Les juges de la Cour pénale internationale (CPI) devraient rendre leurs jugements relatifs aux appels du verdict et de la peine déposées par Jean-Pierre Bemba et al. lors du premier procès pour subornation de témoin devant cette cour. Les décisions devraient être rendues en séance publique le jeudi 8 mars à 10 h du matin, heure locale, à La Haye.
Bemba, ses anciens avocats Aimé Kilolo Musamba et Jean Jacques Mangenda Kabongo, ainsi que ses assistants Fidèle Babala Wandu et Narcisse Arido, ont été déclarés coupables en octobre 2016 de diverses infractions contre l’administration de la justice en vertu de l’article 70 du Statut de Rome. En mars 2017, ils ont été condamnés à diverses peines et amendes. M. Bemba a reçu une peine d’un an de prison et une amende de 300 000 € tandis que M. Kilolo a reçu une peine avec sursis de deux ans et demi plus une amende de 30 000 €.

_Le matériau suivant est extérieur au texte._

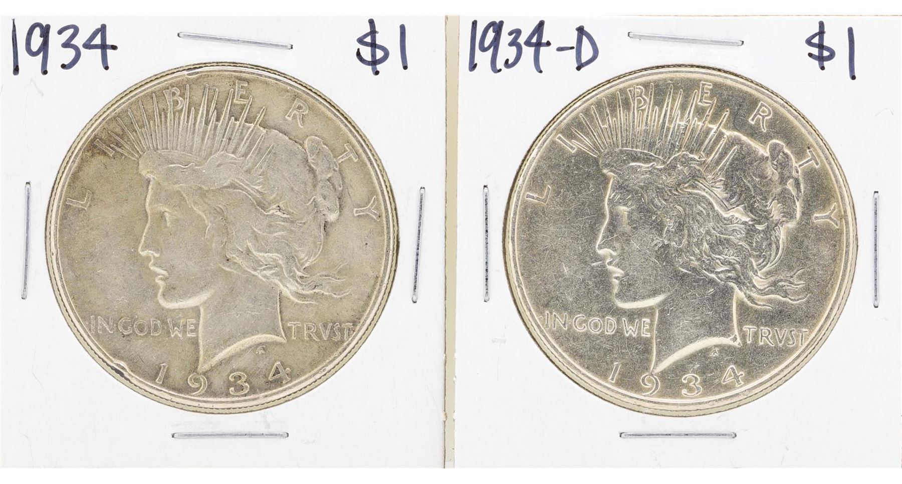 One Lot of 1934 & 1934-D $ Peace Silver Dollar Coins.

L’accusation souhaite que les peines prononcées à l’encontre de M. Babala et M. Arido (respectivement six mois et onze mois) soient maintenues. Elle a toutefois demandé aux juges d’appel d’augmenter les peines de M. Bemba, M. Kilolo et M. Mangenda, les jugeant insuffisamment dissuasives. En revanche, les avocats de la défense souhaitent que les condamnations soient annulées ou que les peines soient réduites car, affirment-ils, elles sont disproportionnées par rapport au niveau de culpabilité des personnes condamnées.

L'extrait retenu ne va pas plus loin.